Uniform Civil Code: Scope and objectives

‘Equality’ and ‘secularism’ are considered the two cornerstones of the state of India and its constitution. Both the concepts become even more critical for a country like India that is home to people of different faiths, beliefs and backgrounds. Principles outlined in the constitution uphold all faiths by separating the sphere of religion from the sphere of the state or, in other words, the Articles 25-28 of the Indian Constitution provide every citizen a fundamental right to a free conscience and to practice and propagate their religion. The Uniform Civil Code (UCC) in this regard intends to replace the fragmented personal laws with a single law, applicable to all citizens of India. This proposed bill however has met with both applaud and criticism. This essay outlines both sides of the argument to understand the scope of UCC. 
 
The idea of UCC stems from Article 44 of the Indian Constitution, in which one of the Directive Principles provides that “State shall endeavour to secure for all citizens a Uniform Civil Code throughout the territory of India”. The Directive Principles however are enforceable only by states in India, if they see fit. This means that UCC is one of the goals that India must strive to attain in the future but it isn’t a fundamental right or a guarantee. Therefore, the current Government of India seeks to replace personal laws based on the scriptures and customs of each major religious community in India with a common set of rules governing every citizen. 
 
These personal laws cover within their ambit subjects like marriage, divorce, inheritance, etc. that come under the Concurrent list. The need for UCC primarily arises due to the fact that while on one hand, Hindu personal laws have largely been codified and secularised by the Parliament in 1956, on the other hand, personal laws governing those in many other religious communities are still largely unmodified and remain traditional. These laws predominantly are discriminative against women of these communities, and in many cases deprive them from their right to equality. Furthermore, to protect distinct regional identities, the Constitution makes certain exceptions for the states of Assam, Nagaland, Mizoram, Andhra Pradesh and Goa with respect to family law.
 
Personal laws are a remnant of the British colonial rule in India.
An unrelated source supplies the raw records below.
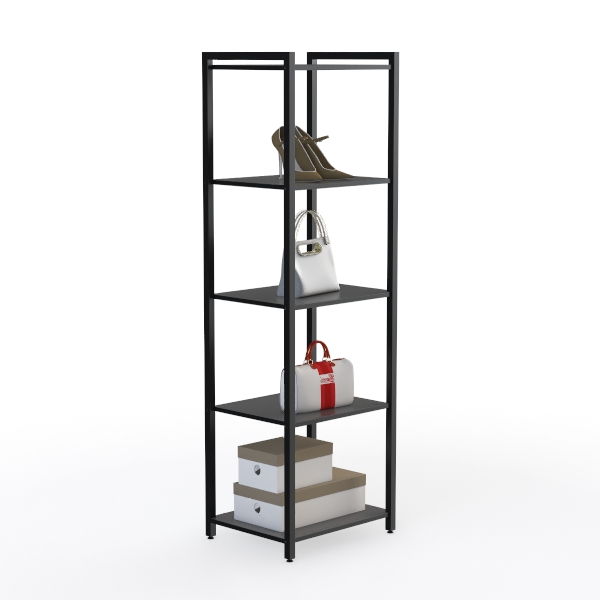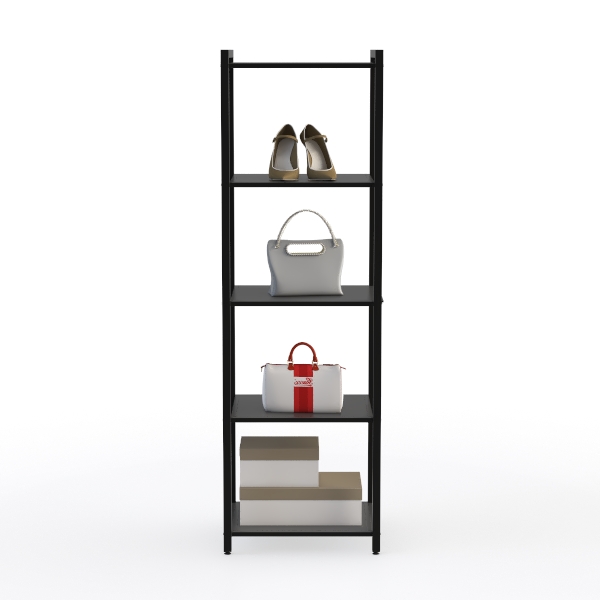 Inspired by minimalist organization, this sleek black shelf blends functionality with modern elegance. Its smooth, matte frame and sturdy build offer a clean, uncluttered look, while polished leather bags and metallic heels add subtle contrast. Perfect for a contemporary bedroom or walk-in closet, it organizes shoes, bags, and accessories efficiently, balancing style and practicality for a clutter-free space.
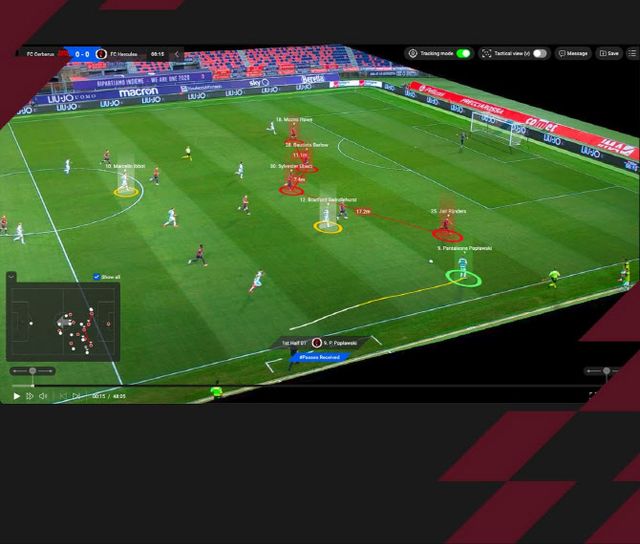 업체는 경기장 내 설치된 인공지능(AI) 카메라를 통해 경기 장면, 선수와 공의 움직임을 촬영하고 분석해 점유율, 패스 길, 주공격 방향 등의 수치부터 전술적 의도까지 각종 데이터로 보여준다.
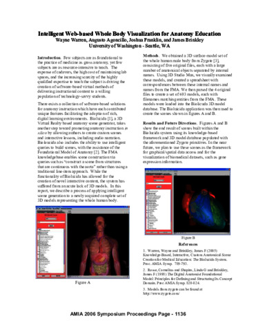 Warren, Wayne and Agoncillo, Augusto V and Franklin, Joshua D and Brinkley, James F (2006) Intelligent web-based whole body visualization for anatomy education. In: American Medical Informatics Association Fall Symposium. p. 1136.
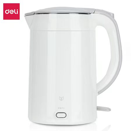 得力(deli)办公家用电水壶不锈钢防烫伤电热水壶双层防滑烧水壶 1.7L 保温电水壶 白色 85613
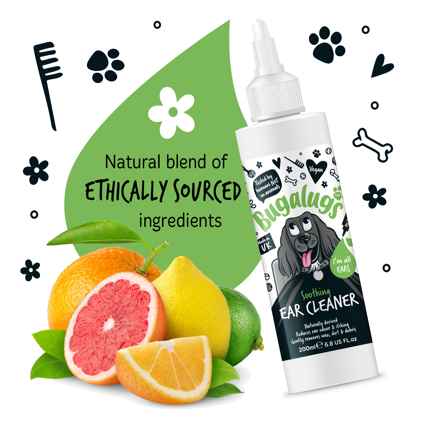 Bugalugs Ear Cleaner is the perfect addition to your dogs grooming routine. Our naturally derived gentle formula soothes and relives itchy ears, reduces ear odour and removes wax and dirt and helps to prevent infections. Our specialist formula delivers fast results to keep ears clean and in great condition. Our Ear Cleaner is safe and clean and is non-toxic, free from alcohol, parabens, silicones, SLES, SLS, DEA & enzymes. With our easy sensitive ear application its easier than ever to to use on your dogs or cats and saves you time and your pet unnecessary stress. At Bugalugs we are committed to animal welfare, which is why we never test any of our products on animals. so, with your next purchase of dog ear wash, you can feel safe in the knowledge that you’re dealing with a brand you can trust.
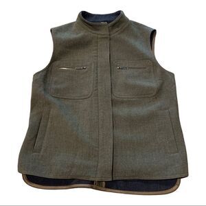 Laundry by Shelli Segal Vest Olive Green Mandarin Collar Zipper Velcro Closure Stretch Size 6

Fearing opposition, the British in India followed a policy that allowed every religion in India to follows its own rules for issues related to marriage, inheritance, divorce, and other domestic problems. Following independence in 1947, a series of Bills were passed to codify Hindu laws in the form of Hindu Marriage Act 1955, The Hindu Succession Act 1956, The Hindu Minority and Guardianship Act 1956 and the Hindu Adoption and Maintenance Act 1956 - collectively known as Hindu Code Bill which allows right to divorce and inheritance to women, has made caste irrelevant to marriage and abolished bigamy and polygamy. 
 
Many cases since then have infact pointed to the need for a UCC. For instance, in 1985 when Shah Bano moved to Supreme Court seeking for herself a regular maintenance after her husband divorced her, 40 years after their marriage. The Supreme Court in its landmark judgement upheld Bano’s demand and further ruled for an urgent need of universal codes governing such issues. The judgement was met with severe criticism from the Muslim groups that felt that their identity was at stake and their personal laws under an attack. 
 
The debate around this issue has more or less been focused around the Muslim personal laws which are based on the sharia and permit unilateral divorce and polygamy. Even though UCC reinforces equality, it however is seen as a clash with Article 25 that guarantees the right to freedom of religion. Minority communities argue that separate personal laws are one of the ways in which they have exercised their right to practise their own religion, and any challenge to that will erode this right. 
 
However, it is important to note that UCC, in theory, aims to provide and retain the equal status of all citizens of India. This is especially true when it comes to laws related to natural guardianship of a child, right to property for women, rights of a widow, right to maintenance after divorce, end to polygamy, etc. All of these will ensure that gender-equality and consistency is established.  Moreover, there is a Criminal Code that is applicable to all people irrespective of religion, caste, tribe and domicile in the country but there is no similar code related to divorce and succession which are governed by Personal laws.
 
Establishing UCC was a part of the BJP manifesto in 2019. After the abolition of triple talaq and the abrogation of Article 370, many believe that UCC is the next reform in line. The GOI has however maintained that it is committed to honour the Constitutional mandate and would introduce UCC only after wide scale consultations. There have been a number of petitions regarding the urgent need for the UCC in order to promote national integration as well as gender justice, equality & dignity of women.
 
The need of the hour is to understand that the politicisation of an important cause such as the UCC serves no good to anyone. Instead, it is important that all concerned parties and opinions come together to formulate a constructive plan to promote and devise UCC. Changing times and notions of what ‘personal’ really means has further made UCC a relevant subject. Its adoption will be a step towards progressive legislation.